In the physical world our climber may become incapacitated until she or he is helped to the certainty of firm ground. But what about the world of work and cognitive decision-making? How do we experience uncertainty-related anxiety and what is the parallel of being coaxed down from the wall?

 

Confidence is the antidote.

Imagine you’re at a TEDTalk, listening to an inspiring entrepreneur. She starts by describing a rampant ill of our time, a major social challenge with the potential to cause great harm. In doing so, she’s inducing uncertainty about the future, forcing you up a wall you never asked to scale.  

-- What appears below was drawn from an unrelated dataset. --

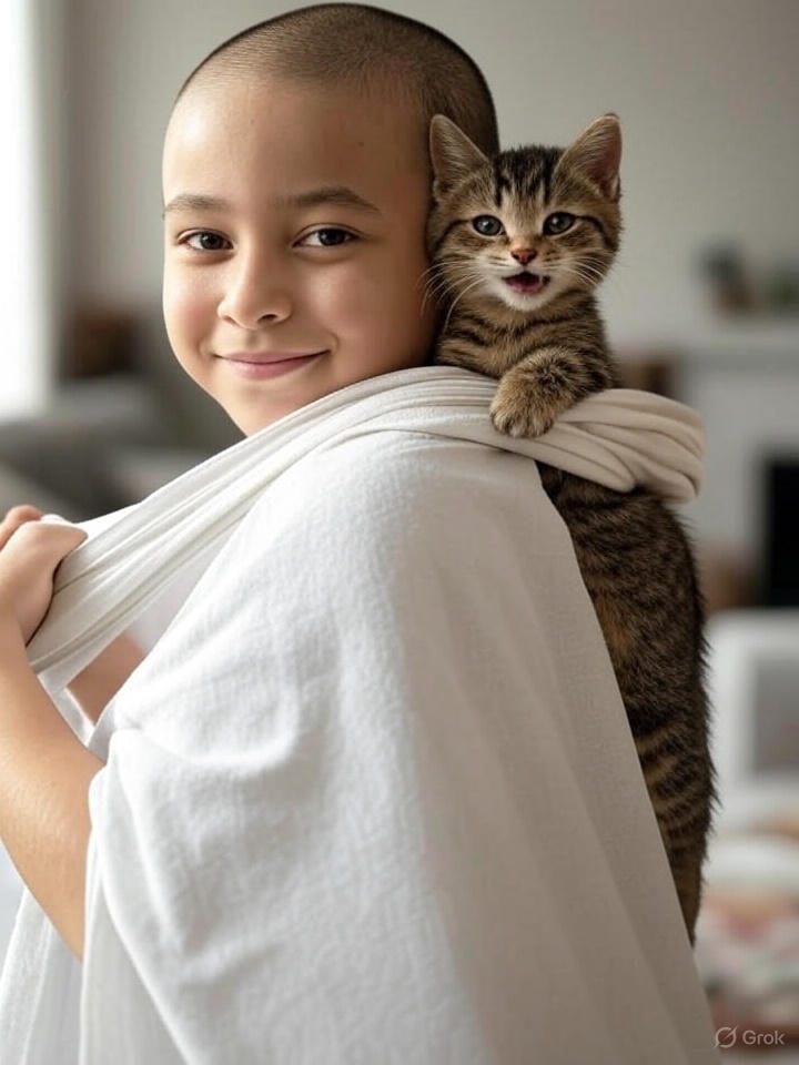 On a quiet day in the village, a small boy with the brightest smile walked along the dusty road. His steps were light, his spirit radiant, but what made the scene unforgettable was the tiny bundle tied gently to his back. Inside, wrapped with care as though it were the most precious treasure, was his kitten ๐ฑ.

You’re in a safe physical environment, but you’re still hard-wired to find this uncertainty uncomfortable. It means you’re primed for the answer soon to be introduced, whether it be a service, product or new technology. When it comes, you have a choice that may or may not be conscious: you can cling to rational scepticism and the anxiety it brings, or you can suspend disbelief and be transported back to safety. Everything is fine! Her app will save the world!

It’s a light example, but it can translate to many decision-making contexts. Uncertainty lies in the choice between suppliers for an important project, in the candidate shortlist for a new colleague and in where to focus your resources in the year ahead. The anxiety these decisions induce will differ from moment-to-moment and from person-to-person, and will be amplified or softened by all manner of contextual and psychological factors.

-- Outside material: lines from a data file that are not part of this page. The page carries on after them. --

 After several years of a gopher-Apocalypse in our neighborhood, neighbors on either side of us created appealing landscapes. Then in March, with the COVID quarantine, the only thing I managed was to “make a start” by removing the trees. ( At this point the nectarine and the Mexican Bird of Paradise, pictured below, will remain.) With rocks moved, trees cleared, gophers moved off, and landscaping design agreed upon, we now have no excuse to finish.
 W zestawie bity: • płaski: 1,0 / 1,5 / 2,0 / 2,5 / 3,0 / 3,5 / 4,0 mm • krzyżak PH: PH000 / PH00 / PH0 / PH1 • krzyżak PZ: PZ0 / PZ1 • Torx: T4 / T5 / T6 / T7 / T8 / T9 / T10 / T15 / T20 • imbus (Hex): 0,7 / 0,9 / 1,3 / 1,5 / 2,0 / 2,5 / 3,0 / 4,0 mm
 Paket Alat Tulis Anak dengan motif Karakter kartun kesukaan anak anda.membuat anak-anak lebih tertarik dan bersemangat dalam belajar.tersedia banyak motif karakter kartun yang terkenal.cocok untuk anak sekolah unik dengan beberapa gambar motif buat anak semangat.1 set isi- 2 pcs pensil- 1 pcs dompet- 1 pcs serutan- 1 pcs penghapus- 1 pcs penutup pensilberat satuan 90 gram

It means that sometimes that silver-tongued salesperson, overly-assured interviewee or ‘transformative’ new technology will sound rightly absurd. But sometimes they’ll be exactly what we need: a means to reduce uncertainty. And when their grand, over-confident claims are required to help us cope with the disorder of the world, their absurdity can be swept away by the sophistication of a dynamic system designed to survive. Our in-built biases draw us towards certainty while we weave a complex narrative to post-rationalise why. We start to feel better. But at what cost?

 

Confidence and decision-making are not the best of friends.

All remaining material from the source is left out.